Connie Chung: They aren't that great. Come on.
Donald Trump: They're the best. What, the Trump Tower?
Connie Chung: They're not the best. Maybe if you can try and answer this question without giving me the normal spiel. Huh?
Donald Trump: What is the normal spiel? I don't know-- [crosstalk]
Connie Chung: Well, the normal spiel is the fact is that many rich and powerful people do try to remain anonymous, but you became very public very clearly by your own design.
Donald Trump: I don't know if it was by my own design.
Connie Chung: You mean the publicity?
Donald Trump: I do developments which get a lot of publicity. I mean, if I didn't do Trump-- [crosstalk]
Connie Chung: Come on.
Donald Trump: I mean this. If Trump Tower weren't a great building on Fifth Avenue and 57th street by a young guy-- [crosstalk]

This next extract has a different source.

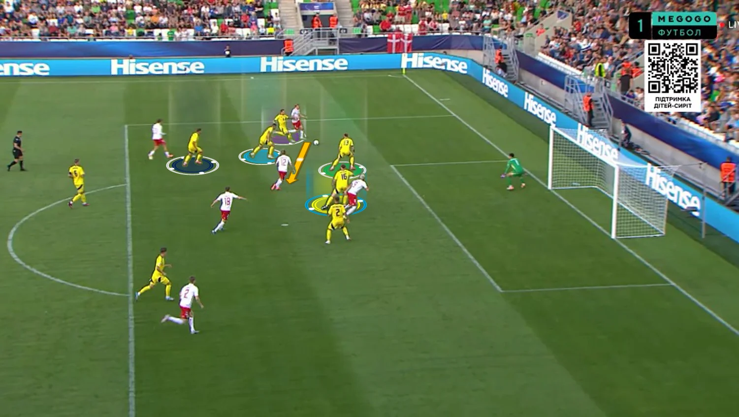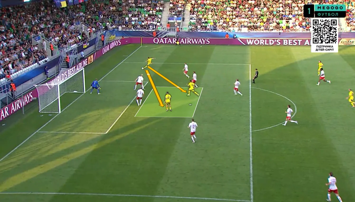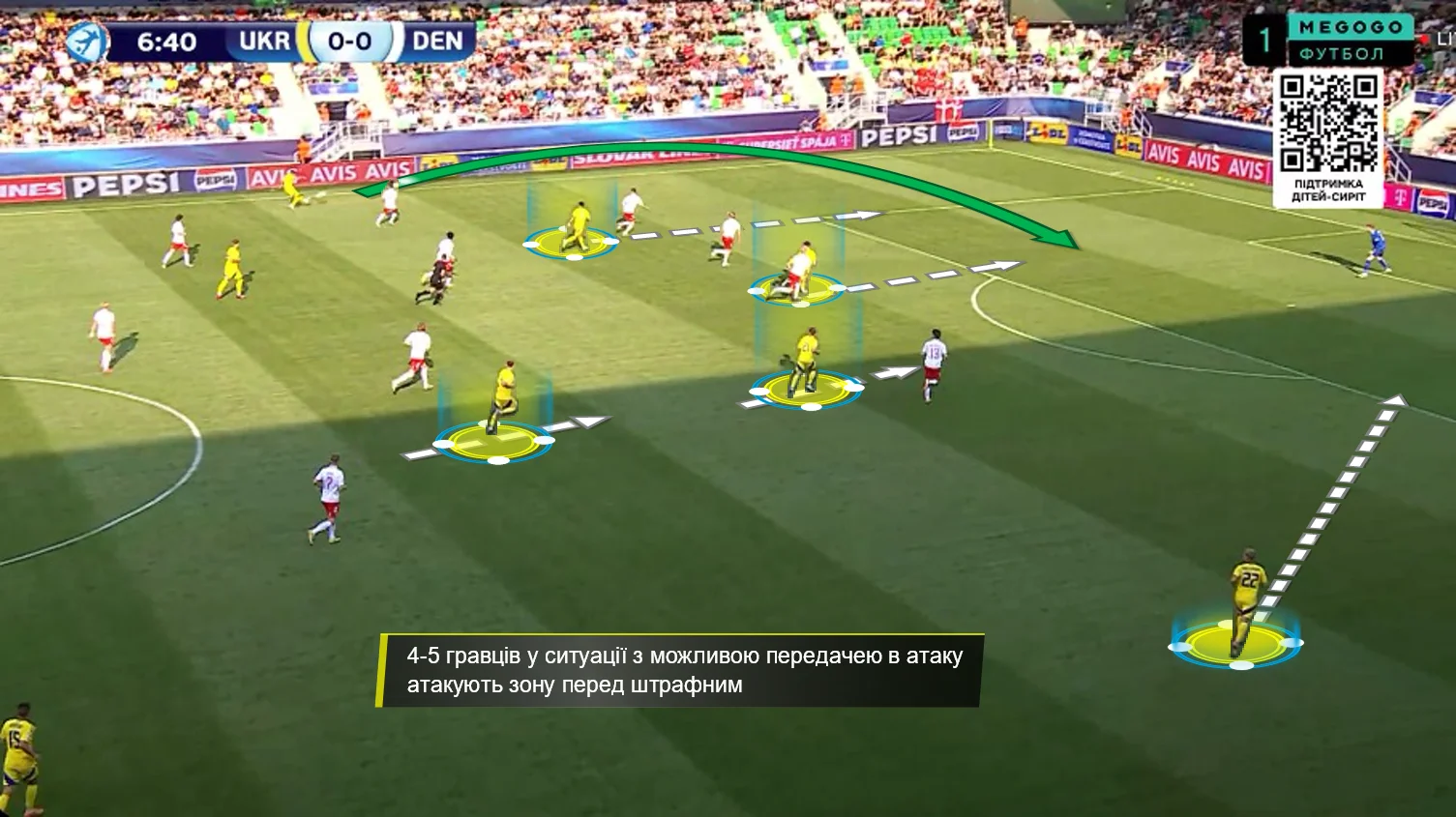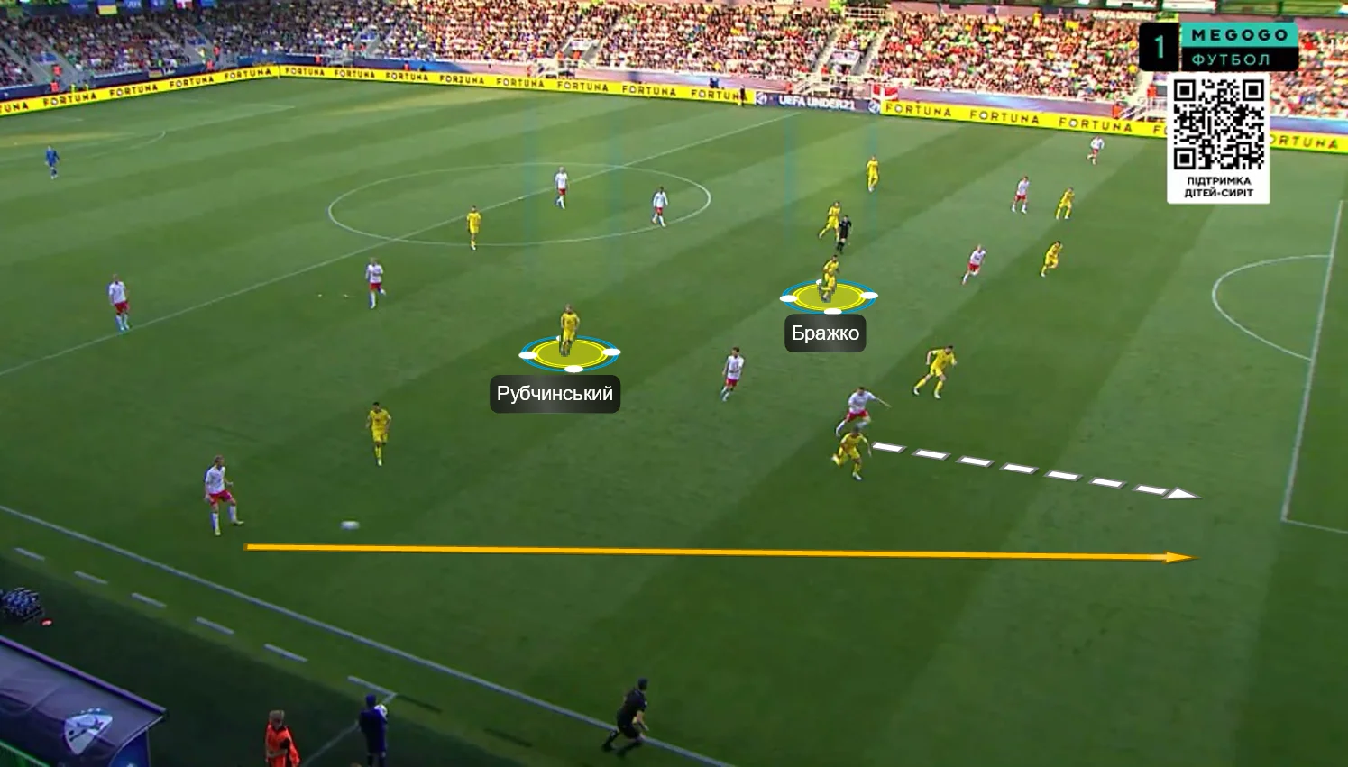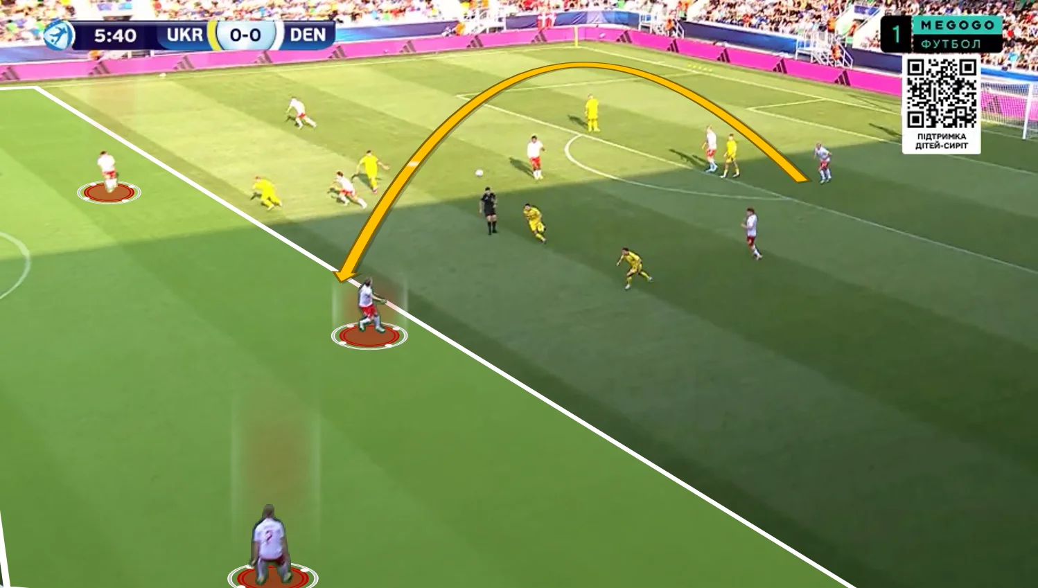 Перше, що впадало у вічі у грі нашої збірної – це активне використання сильних якостей центрбеків. Батагов і Козик розкидували точні діагоналі по флангах, де завжди створювалась ширина. Футболіст, який приймав такі переведення, часто мав продовження у вигляді передачі в глибину (тобто за спини на хід).

Connie Chung: Trump tower is one building in New York City with zillions of buildings.
Alison Stewart: It wasn't easy. She broke the mold for women of color during a time when it was one kind of white man filling the newsrooms. The 10th child of chinese immigrants who grew up mostly in DC, she started news by walking into a local newsroom and said, "I don't have any experience, but I'm a fast learner." Connie Chung has inspired many journalists, and she discovered her impact when she learned that Chinese American girls are named Connie after her. They're called Generation Connie. We will ask her about all of it. Connie Chung, welcome to the show.
Connie Chung: AlisonStewart, I'm a fan girl.
Alison Stewart: Aw, thanks.
Connie Chung: Didn't we cross paths at ABC?
Alison Stewart: At ABC and MSNBC.
Connie Chung: Oh, there you go.
Alison Stewart: At both places.
Connie Chung: There you go. Because you've been very peripatetic. You have gone here and there just like I did.
Alison Stewart: Yes.
Connie Chung: I see up here that you have a little sign that says, work hard and be nice to people, and I couldn't agree with you more.
Alison Stewart: Yes.
Connie Chung: Yes. There are a lot of people in our business, Allison, who were not nice.
Alison Stewart: We know that. We know that.
Connie Chung: I think that's why we cut out sometimes from one place to another, because we didn't want to work with a-holes, if you would.
Alison Stewart: Yes. That glass ceiling gets hard on the head-
Connie Chung: Yes. [laughs]
Alison Stewart: - so you move someplace else.
[laughter]
Connie Chung: Can I just ask you one question?
Alison Stewart: Sure.
Connie Chung: Do you miss television, because you're such a pretty girl-
Alison Stewart: Oh, thank you.
Connie Chung: - and you're so appealing on television, but do you prefer radio?
Alison Stewart: I love radio. I started in radio in college.
Connie Chung: Yes.
Alison Stewart: It gives me amount of freedom. I like the people I work with. It's a good place. It's a good thing.
Connie Chung: That's wonderful. I see you have a female engineer-
Alison Stewart: Yes.
Connie Chung: - and she's having a little munchy right now.
Alison Stewart: [unintelligible 00:03:52] sometimes. She works back to back shows. She's got to eat.
Connie Chung: Yes, I understand.
Alison Stewart: Gotta eat, Julianna.
[laughter]
Alison Stewart: When you reread your book, after finishing it all and you had to go back and reread it, what did you learn about your life? After recounting your life, what did you learn about you?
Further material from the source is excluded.